The GCC documentation says this:

http://gcc.gnu.org/onlinedocs/gcc-3....++%20Interface
"Declarations and Definitions in One Header"

"C++ object definitions can be quite complex. In principle, your source code
will need two kinds of things for each object that you use across more than
one source file. First, you need an interface specification, describing its
structure with type declarations and function prototypes. Second, you need
the implementation itself. It can be tedious to maintain a separate
interface description in a header file, in parallel to the actual
implementation. It is also dangerous, since separate interface and
implementation definitions may not remain parallel."

[...use our cool #pragmas and don't mess with source/implementation...(I
paraphrase - STH) ]

Now, my question is, can the same thing GCC is doing with #pragmas be done
with something internal to C++? I can't see how. I understand that
#pragma is basically a way for the implementation to introduce behavior not
specified in the standard, so there really isn't a direct contradiction to
what Stroustrup id saying.

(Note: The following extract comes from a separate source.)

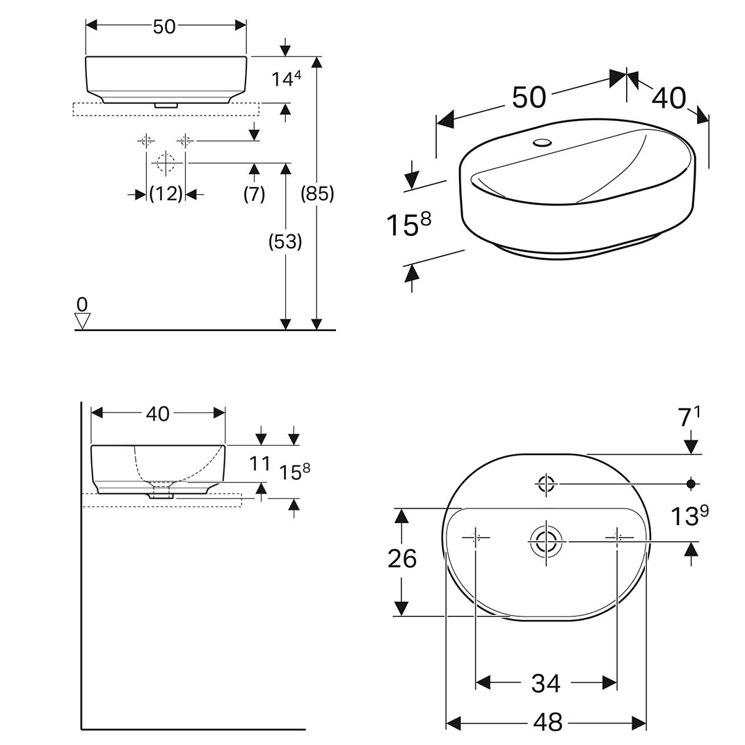 Geberit VariForm Aufsatzwaschtisch 50 x 40 cm, ohne Überlauf

Nonetheless, I would like to be sure there is
no way to accomplish this within the C++ language proper.
--
STH
Hatton's Law: "There is only One inviolable Law"
KDevelop: http://www.kdevelop.org SuSE: http://www.suse.com
Mozilla: http://www.mozilla.org
Jul 22 '05 #1
Share this Question
Share on Google+
10 Replies


P: n/a
Steven T. Hatton wrote:
Stroustrup says this:

http://www.research.att.com/~bs/bs_faq2.html#macro

"So, what's wrong with using macros?"

[...Macros are really bad (I paraphrase - STH)...]

"And yes, I do know that there are things known as macros that doesn't
suffer the problems of C/C++ preprocessor macros. However, I have no
ambitions for improving C++ macros. Instead, I recommend the use of
facilities from the C++ language proper, such as inline functions,
templates, constructors (for initialization), destructors (for cleanup),
exceptions (for exiting contexts), etc."
Newbies coming to C++ from C often write obese macros, unaware that
templates and small methods are preferrable.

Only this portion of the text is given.